Exclude the images, then return every line below exactly as written.

Collected data =
++++++++++

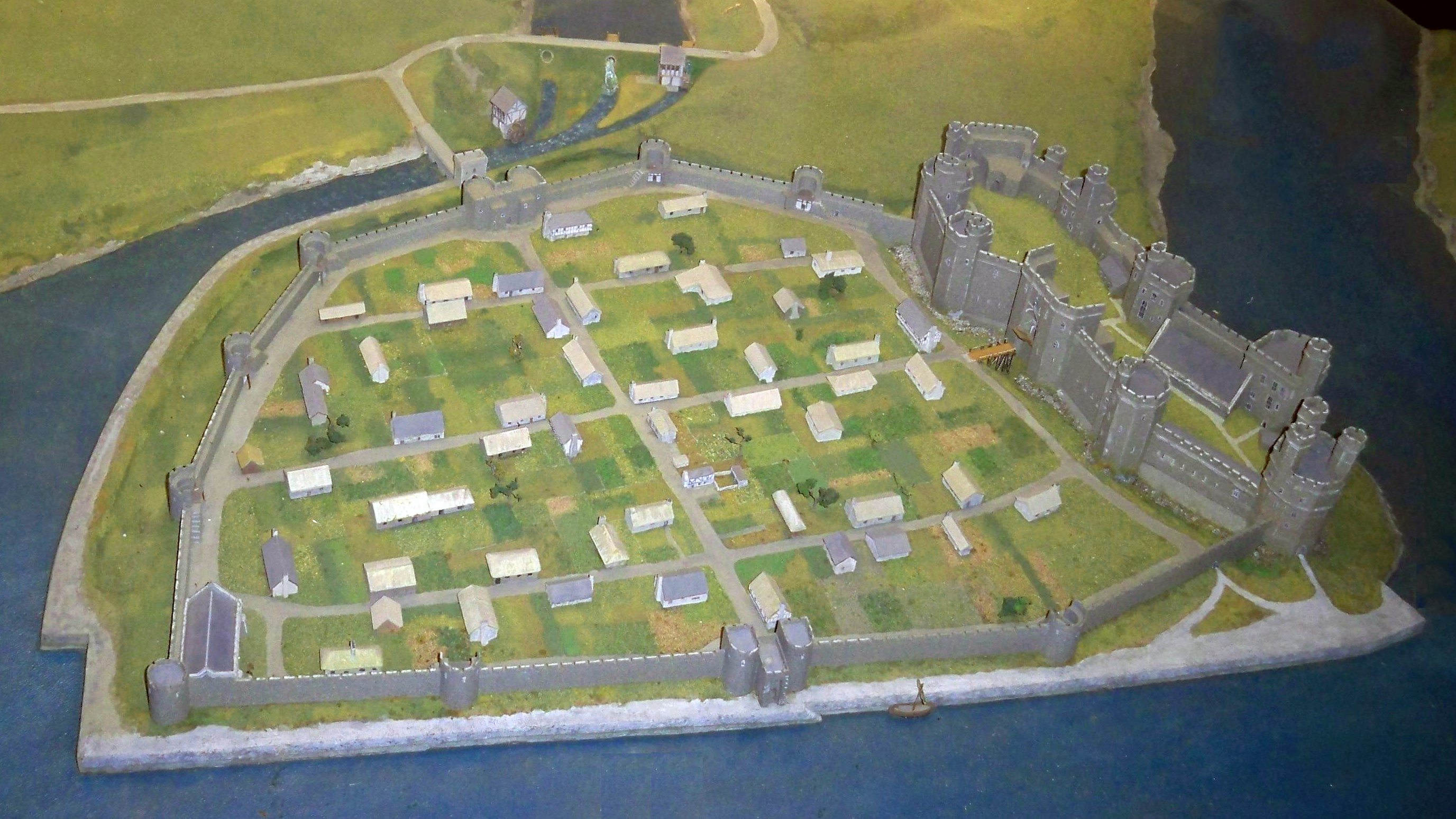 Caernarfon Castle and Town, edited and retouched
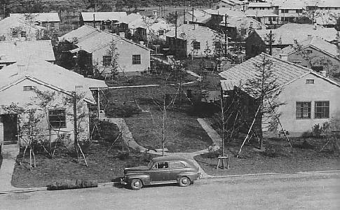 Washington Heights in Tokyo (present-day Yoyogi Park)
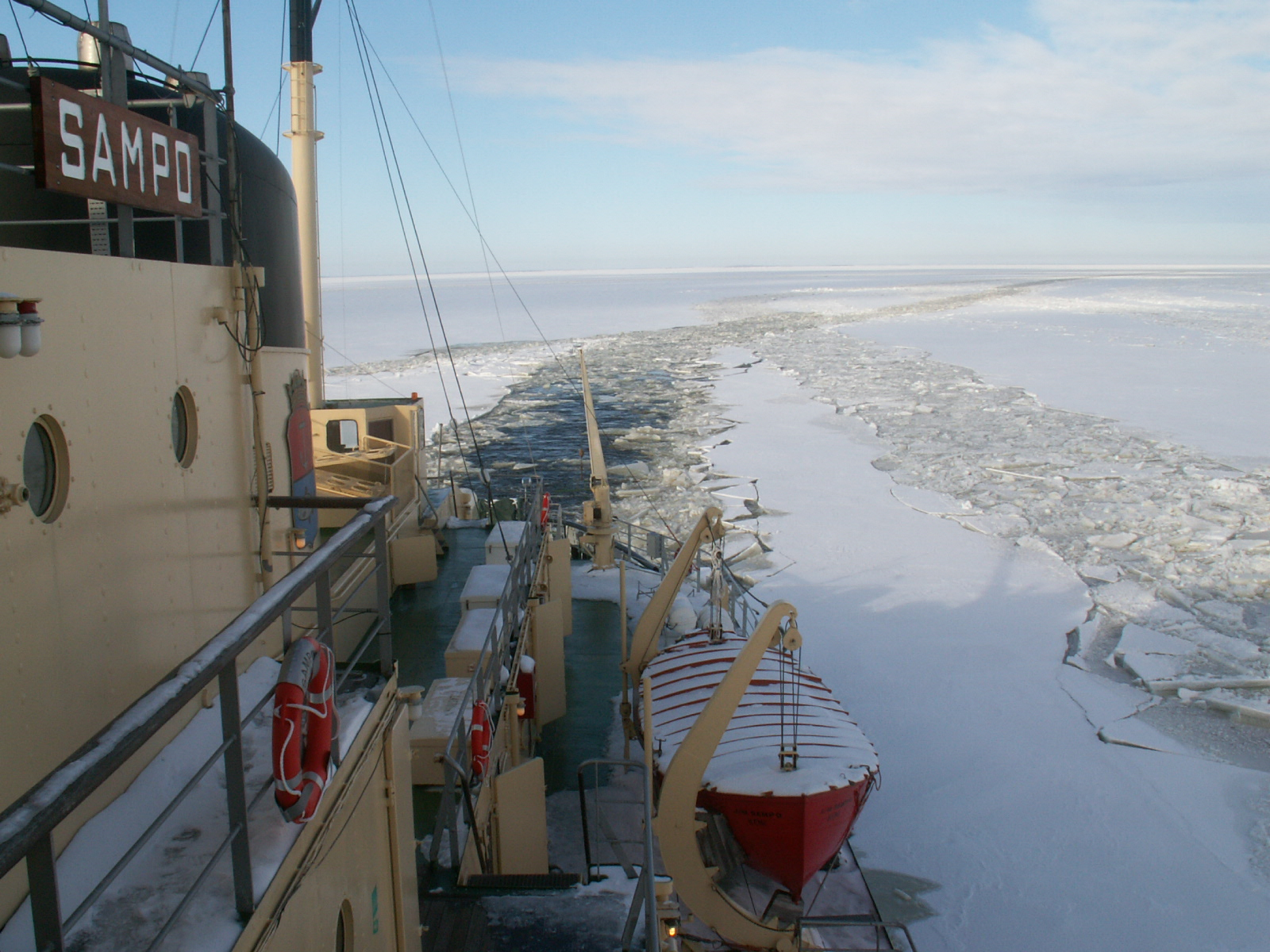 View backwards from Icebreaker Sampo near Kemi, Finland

++++++++++

Solution for this exercise =
 Caernarfon Castle and Town, edited and retouched
 Washington Heights in Tokyo (present-day Yoyogi Park)
 View backwards from Icebreaker Sampo near Kemi, Finland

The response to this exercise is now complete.